### What needs to be done
Your answer must be the full listing below, restated word for word, with no pictures in it.
(Given data Opens)
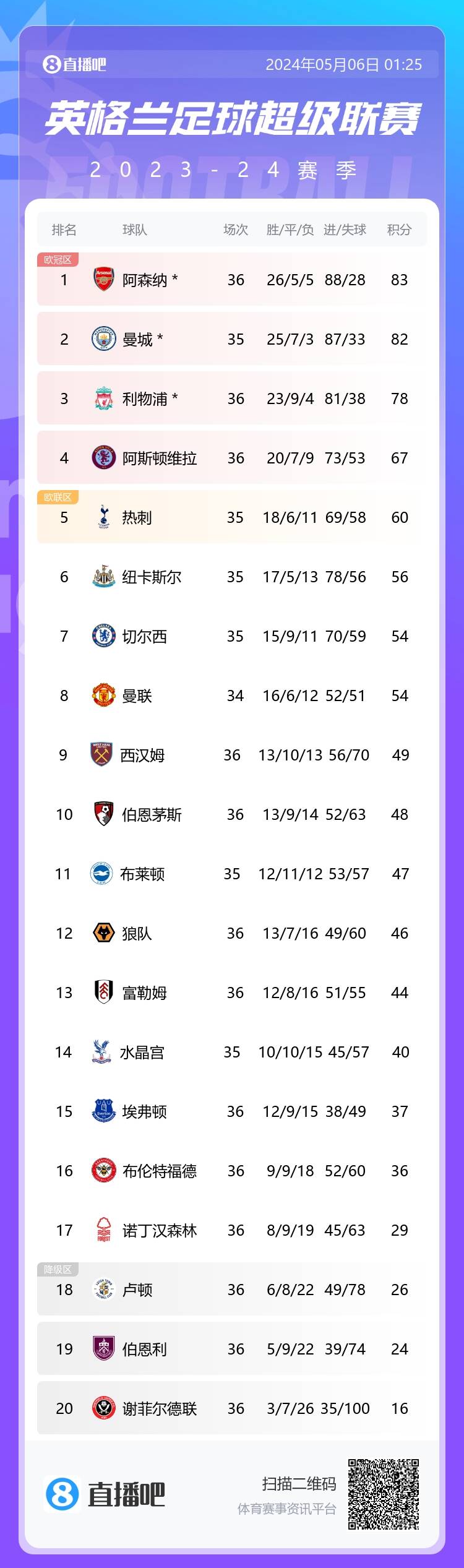 英超积分榜:利物浦止2轮不胜距榜首5分 热刺4连败少赛距前四7分
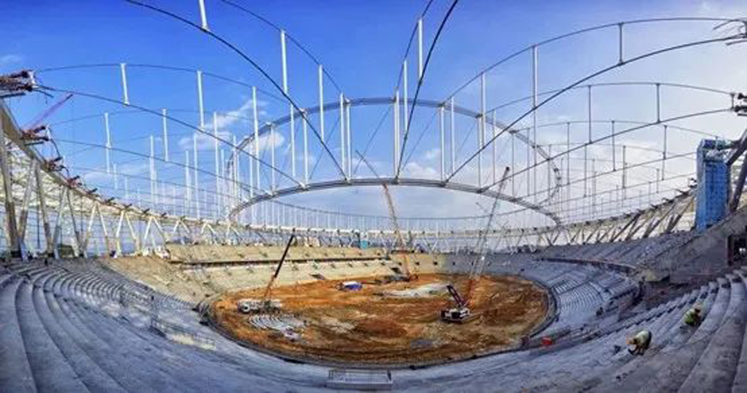 該體育場(chǎng)整體外輪廓平面投影為不規(guī)則的倒角五邊形,其外輪廓南北最大長(zhǎng)度約305米,東西約270米,罩棚最高點(diǎn)標(biāo)高約46米。從體育場(chǎng)內(nèi)的觀眾席處仰望,一根根鋼索交織連接,各自用力拉伸,巨大鋼網(wǎng)架躍然呈現(xiàn),好似一座兼具了力學(xué)、美學(xué)、科技的藝術(shù)品。
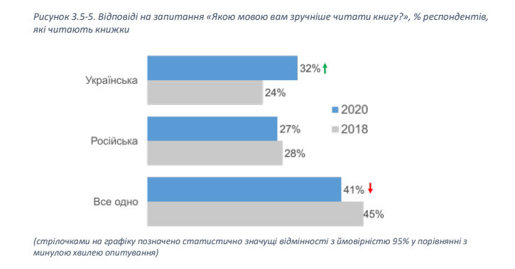 Дослідження показало, що вперше за часи незалежності України українські читачі почали віддавати перевагу саме українськомовним книжкам: 32% українською проти 27% російською.
(Given data Closes)
### Output for this exercise
 英超积分榜:利物浦止2轮不胜距榜首5分 热刺4连败少赛距前四7分
 該體育場(chǎng)整體外輪廓平面投影為不規(guī)則的倒角五邊形,其外輪廓南北最大長(zhǎng)度約305米,東西約270米,罩棚最高點(diǎn)標(biāo)高約46米。從體育場(chǎng)內(nèi)的觀眾席處仰望,一根根鋼索交織連接,各自用力拉伸,巨大鋼網(wǎng)架躍然呈現(xiàn),好似一座兼具了力學(xué)、美學(xué)、科技的藝術(shù)品。
 Дослідження показало, що вперше за часи незалежності України українські читачі почали віддавати перевагу саме українськомовним книжкам: 32% українською проти 27% російською.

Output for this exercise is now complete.